[Work order]: With the pictures left out, retype exactly the lines below starting at the line that contains "Przebudowa i termomodernizacja" and ending at the line that contains "TopTap può essere".

[Data extracts]:
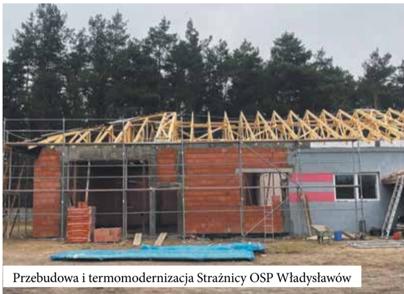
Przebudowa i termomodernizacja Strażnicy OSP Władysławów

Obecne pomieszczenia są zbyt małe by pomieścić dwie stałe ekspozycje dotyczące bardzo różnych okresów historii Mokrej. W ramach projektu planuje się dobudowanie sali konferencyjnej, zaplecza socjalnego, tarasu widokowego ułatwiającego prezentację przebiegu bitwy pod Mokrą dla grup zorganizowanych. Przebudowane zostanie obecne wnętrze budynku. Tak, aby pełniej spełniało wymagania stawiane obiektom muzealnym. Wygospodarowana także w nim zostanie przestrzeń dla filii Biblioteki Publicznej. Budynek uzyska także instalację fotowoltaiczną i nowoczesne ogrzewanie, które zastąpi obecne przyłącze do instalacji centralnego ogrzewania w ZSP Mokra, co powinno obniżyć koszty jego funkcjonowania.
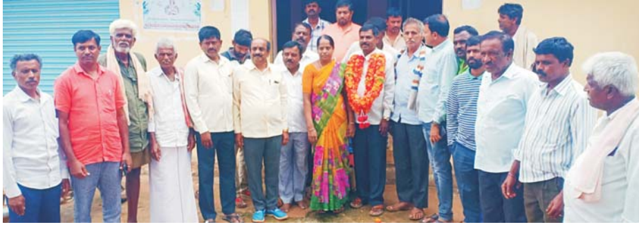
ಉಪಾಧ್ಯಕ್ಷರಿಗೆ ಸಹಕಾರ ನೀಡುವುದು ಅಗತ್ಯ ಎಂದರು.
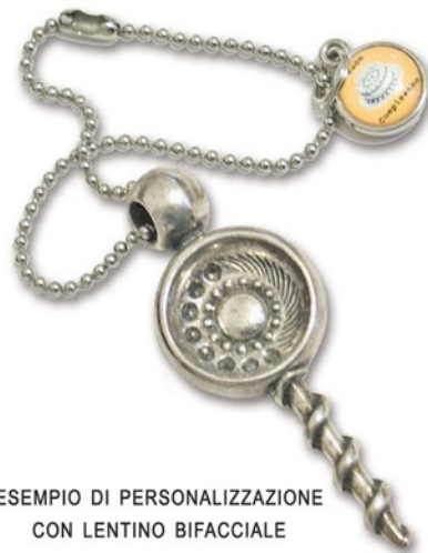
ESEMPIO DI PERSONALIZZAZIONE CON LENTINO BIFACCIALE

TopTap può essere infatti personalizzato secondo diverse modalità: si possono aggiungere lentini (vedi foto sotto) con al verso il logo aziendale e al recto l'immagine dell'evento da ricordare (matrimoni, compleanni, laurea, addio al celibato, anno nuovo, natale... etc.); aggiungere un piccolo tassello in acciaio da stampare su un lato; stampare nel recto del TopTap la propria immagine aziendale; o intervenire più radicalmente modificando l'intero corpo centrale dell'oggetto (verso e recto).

---

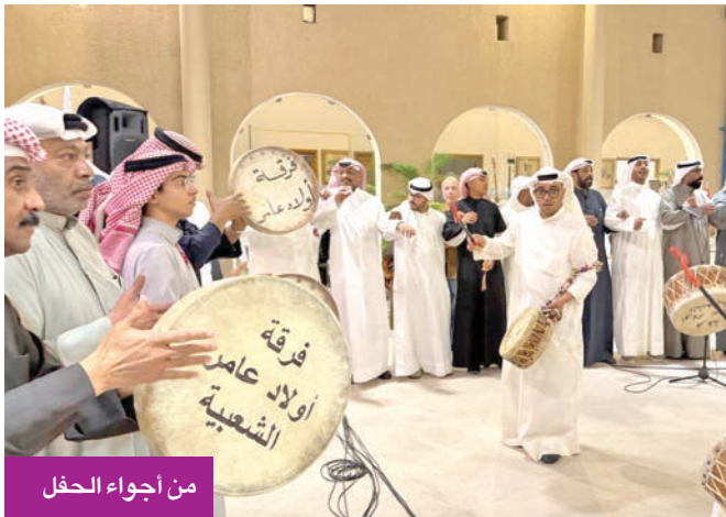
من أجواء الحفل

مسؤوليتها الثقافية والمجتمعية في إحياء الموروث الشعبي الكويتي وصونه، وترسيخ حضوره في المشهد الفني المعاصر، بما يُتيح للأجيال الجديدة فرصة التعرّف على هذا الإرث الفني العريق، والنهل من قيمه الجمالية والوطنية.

[Task solution]:
Przebudowa i termomodernizacja Strażnicy OSP Władysławów

Obecne pomieszczenia są zbyt małe by pomieścić dwie stałe ekspozycje dotyczące bardzo różnych okresów historii Mokrej. W ramach projektu planuje się dobudowanie sali konferencyjnej, zaplecza socjalnego, tarasu widokowego ułatwiającego prezentację przebiegu bitwy pod Mokrą dla grup zorganizowanych. Przebudowane zostanie obecne wnętrze budynku. Tak, aby pełniej spełniało wymagania stawiane obiektom muzealnym. Wygospodarowana także w nim zostanie przestrzeń dla filii Biblioteki Publicznej. Budynek uzyska także instalację fotowoltaiczną i nowoczesne ogrzewanie, które zastąpi obecne przyłącze do instalacji centralnego ogrzewania w ZSP Mokra, co powinno obniżyć koszty jego funkcjonowania.
ಉಪಾಧ್ಯಕ್ಷರಿಗೆ ಸಹಕಾರ ನೀಡುವುದು ಅಗತ್ಯ ಎಂದರು.
ESEMPIO DI PERSONALIZZAZIONE CON LENTINO BIFACCIALE

TopTap può essere infatti personalizzato secondo diverse modalità: si possono aggiungere lentini (vedi foto sotto) con al verso il logo aziendale e al recto l'immagine dell'evento da ricordare (matrimoni, compleanni, laurea, addio al celibato, anno nuovo, natale... etc.); aggiungere un piccolo tassello in acciaio da stampare su un lato; stampare nel recto del TopTap la propria immagine aziendale; o intervenire più radicalmente modificando l'intero corpo centrale dell'oggetto (verso e recto).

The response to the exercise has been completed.